Picture this: Katy Perry’s “California Gurls” is blasting from the speakers while my three friends and I shout the lyrics. I’m speeding down I-95 in my mom’s Jeep Wrangler, the wind is blowing through my hair. Life at 80 mph is sublime.
But of course, I wake up from this unrealistic dream, and realize that my mom doesn’t have a Jeep, I don’t have my license, and I don’t even know how to get to I-95.
Why does the road to getting my license have so many speed bumps?
Is getting my license meant to be this difficult? I know how to drive. I don’t run red lights, text, or talk on the phone, yet my parents seem to keep coming up with excuses to come between my golden ticket and me.
Everything would change if I got my license. No more money squandered on Westport Taxi, and no more dreadful hours spent in the car with my parents as backseat passengers. Finally, I’ll get the green light to become a certified, card carrying, state of Connecticut license holder before the year ends.
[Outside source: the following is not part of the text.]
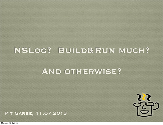 was NSLog, or more advanced: CocoaLumberjack (DDLog) • to log something different, you’d often have to build and run • to log UI stuff, you’d have to write inconvenient, long log statements, that are hard to read in code as well as in their output • sometimes quite useless (debugging graphics with text??) Montag, 29. Juli 13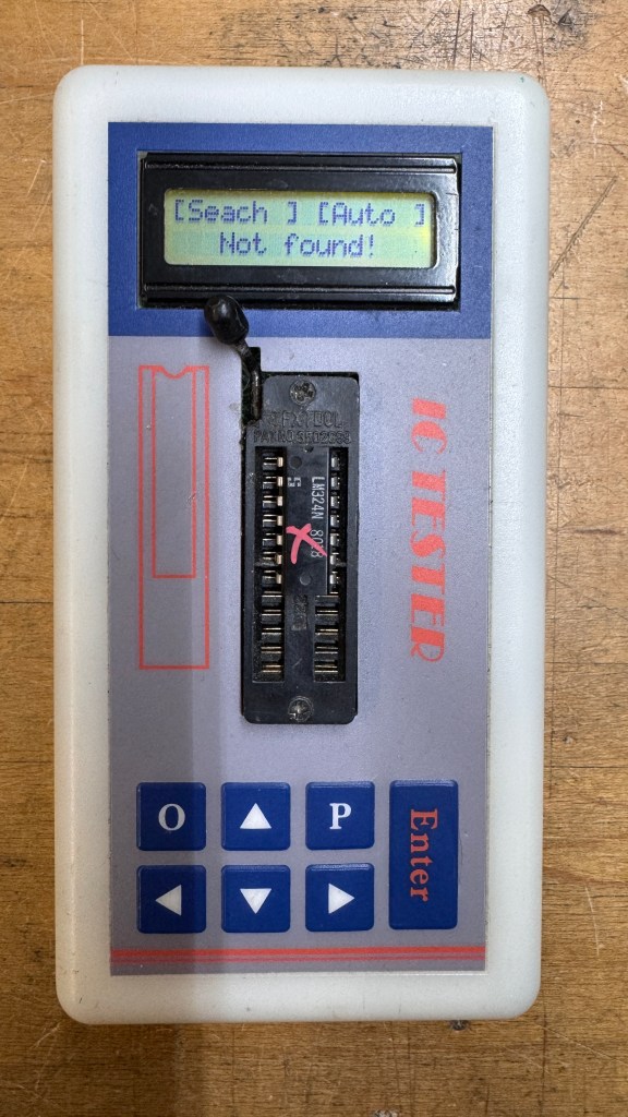 Now that I could get it all connected up and had clean chips. I connected the tester and sorted all of the EPROMs into their correct sockets. They verified correctly now that they were clean and in the right spot. RAM also verified too..

But wait, that’s what I have been telling myself since my birthday.
I have been 16 since June 20. It’s December. I should have had my license for over a month by now. So what’s the hold up? You guessed it… Mom and Dad.
“Dad, let’s go to the DMV now to get my permit,” I said.
“Nicolette, do you know what kind of a responsibility it is to drive a car? We’ll go to get your learner’s permit when I think you’re more ready.”
Four days go by. I follow up.
“So dad, do you think we’re ready to get my permit yet?”
“Well, what car would you even drive? I just don’t see the point. You are definitely not driving my Audi A4. Don’t even begin to think you are getting your own car just yet.”
About a month later, I finally got my permit, and I enrolled in drivers education class. I have already finished one-third of the course, and I am 10 classes away from my license (hallelujah). The date is set to take my road test on Dec. 21, and I’m already picking out a key chain (a beige leather initial “N”) for my duplicate set of keys to one of my family’s cars.
But last night, when my parents picked me up from drivers education, they seemed alarmed at some information they had just learned. Apparently, someone at my mom’s gym spilled the beans that drivers education—in other words, paying $735—isn’t a requirement as long as I wait two extra months to get my license. There goes my drivers education, and two months more behind the wheel with my parents.
Why does the road to getting my license have so many speed bumps? I’m a teenager, yet my parents’ image of me is so 10 years ago, as if I still need to be buckled into a car seat.
Teenagers know what it’s like to drive with parents—you end up driving each other crazy. My mother drives 50 mph down Long Lots Rd, so who is she to judge my driving skills? But all of this is just a passing phase, a detour on the road to getting a license. Perhaps right now they micromanage every single twist and turn of my superb driving.
But, whatever… I’m over it.
I’m pleased to say that I will be in a car by myself no later than my senior year. As for my license, I expect to have that in hand, oh, in approximately 56 days, 11 hours, 27 minutes and 16 seconds. But who’s counting? See ya on I-95.